Necessary precautions to protect your home

  • If you have a shed, make sure its doors are closed tightly. Otherwise, they could end up blowing off their hinges and becoming dangerous projectiles.
  • Bring in flags, awnings and house ornaments, such as wreaths, wind chimes or sculptures.
  • Bring potted plants into the garage. These could also become dangerous projectiles.
  • Don't leave cars parked under trees, especially if you may be in the car when the storm strikes!
  • Check pool covers to ensure that they are secure.
  • Be alert for tornadoes.
  • Be cautious with storm surge flooding. These high waves can be deadlier than hurricane winds. Leave the coast and stay away from low-lying areas.
  • Keep important documents (passports, deeds and insurance information) in a stormproof container in case of flooding.
  • Back up important digital assets and keep them on a USB or other portable device to keep with you if you need to quickly evacuate.

How to prepare your pets for a hurricane

As a general precaution, ensure your pets are microchipped and have up-to-date tags on their collar in case of separation. You should also create an emergency kit that includes necessary medications, medical records, clean-up items, leashes and food, and keep it near or inside a carrier for evacuations.

What to do during a hurricane

  • Monitor the radio or television for weather conditions and updates.
  • Stay away from all windows and exterior doors and seek shelter in a bathroom or basement. Bathtubs can provide some shelter if you cover yourself with plywood or other materials.
  • Evacuate to a shelter or a neighbor's home if your home is damaged or if you are instructed to do so by emergency personnel.
  • If power is lost, turn off all major appliances to reduce the chances of damage in the event of a power surge.
  • If flooding nears your home, turn off the electricity at the main breaker.

What not to do during a hurricane

First and foremost, do not go outside, even if the storm appears to have subsided. The calm or the "eye" of the storm can pass quickly, leaving you outside when intense winds resume. If you do find yourself oudoors, do not walk, swim or drive through flood waters – 6 to 12 inches of water is all it takes to take you down or flood your car. 

Also, do not handle electrical equipment and do not use the telephone except in an emergency.

While it may seem like a “bright” idea, do not use candles during the storm – they could cause a fire. Stick with battery-operated flashlights.

Regardless of whether you stay or evacuate, it's important to unplug appliances and electronics and remove air conditioner fuses to avoid damage caused by power surges when lines and power are restored.

What to do after a hurricane

  • When power returns to your home, do not start all major appliances at once. Turn them on gradually to reduce damage to sensitive equipment.
  • Avoid downed, damaged or loose power lines and report them immediately to the local police and fire department, as well as to your local utility. 
  • Even if you have ventilation, never use a generator indoors. This includes garages, basements and crawlspaces.

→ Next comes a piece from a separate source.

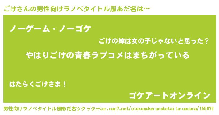 | 女子向けラノベタイトル風あだ名 | 『ごけの雑貨屋さん』『死神ごけの再婚』 |

Exhaust fumes contain high levels of carbon monoxide, which can be deadly if inhaled. Even when left outside, keep generators away from doors and windows and at least 10 feet away from your home. Also, allow your generator to cool off before refilling it with gas – splashing gas on hot generator components can lead to a fire.
  • Do not use electrical or gas appliances that have been wet, and do not turn on damaged appliances due to the risk of electric shock or fire.
  • Never use charcoal indoors because burning charcoal produces high levels of carbon monoxide that can reach lethal levels in enclosed spaces.
  • Follow post-storm food and water safety precautions to protect your family from contamination.
  • Stay away from flood waters as they can contain harmful contaminates and hide dangerous debris.
  • Take photographs of any damage incurred.
  • If flooding or water damaged occurs, begin cleaning up and repairs as soon as possible to avoid mold, and be sure to wear protective gear.